The flames of America’s once-steady love for the suburban shopping mall have been fanning out for the better part of a decade now. Many factors are to blame (or thank, depending on your perspective), and as the New York Times and others have reported this past year, the sagging economy is surely one of them. So too is the backlash against suburban sprawl and a renewed preference for city living and walkable neighborhoods.
I count myself among those who will not miss sitting in traffic, jockeying for a decent parking spot, or dodging packs of mallrats while still staying upwind of Yankee Candle.
In the 1990s, malls went up at a rate of 140 a year. Minnesota’s Mall of America -- the country’s largest mall -- opened its 4.2 million square feet of retail space in 1992. Things have changed since then. In an article written by Tim Folger in the summer 2008 issue of OnEarth, Ellen Dunham-Jones, the director of the Georgia Institute of Technology’s architecture program, reported that the number of indoor shopping malls built in 2006 had fallen to one. Just one.
It’s worth noting that Asia has missed out on this particular American shopping trend and has continued to expand its mallrat habitat at a breakneck pace.
Although I had read about Asia’s great mall race -- according to Forbes, the continent is now home to nine of the world’s 10 largest malls, six of which were built since 2004 -- I hadn’t quite realized how little they’d learned from America’s mall follies until I came across a documentary that originally aired in August on PBS.

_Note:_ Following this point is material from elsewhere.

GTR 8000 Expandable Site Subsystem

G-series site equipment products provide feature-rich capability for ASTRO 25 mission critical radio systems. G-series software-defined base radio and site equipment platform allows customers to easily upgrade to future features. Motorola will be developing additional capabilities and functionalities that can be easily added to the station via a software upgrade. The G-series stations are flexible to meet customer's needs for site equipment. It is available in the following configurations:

In 2005, just as America’s mall-building era was grinding to a halt, China built the New South China Mall in Dongguan, China, some 50 kilometers south of Guangzhou and 90 kilometers north of Shenzhen. The project was driven by an “if you build it, they will come” mentality that didn't quite pan out. Nobody came. Really. Wikipedia cites a vacany rate of more than 99 percent, a statement that appears to be corroborated by PBS's video footage.
Though the mall's official Web site claims it is centrally located, the U.S.-based mall consultant featured in the film argues otherwise. There is no easy way to get to the New South China Mall, he says: no airport, no train station, no major highway. It’s an extreme lesson on the merits of transportation-oriented development, the mainstay of smart growth planners that puts homes, offices, shops, and entertainment in close proximity to public transportation.

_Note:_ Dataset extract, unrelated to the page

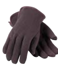
> P. 49 WA7644
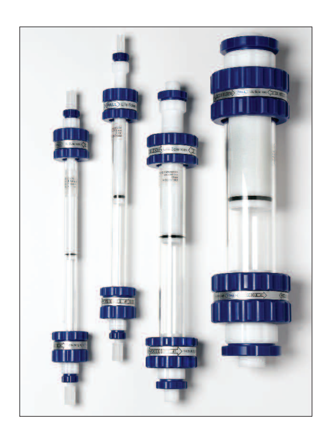
Table 1 LRC Column Specifications

Each column is supplied assembled and ready for use, with tubing and fittings to connect the column to a chromatography system.

The online version of PBS's documentary on the New South China Mall is 13 minutes long, and there are enough cringe-worthy moments to carry you through the first half with nary a blink: a skipping Teletubby that performs for no one, an eerie escalator to nowhere, a shop clerk who giggles as she confesses she has never made a single sale, and the mall consultant who tells the interviewer in all earnestness that the vast, vacuous space behind him is evidence for China surpassing the West.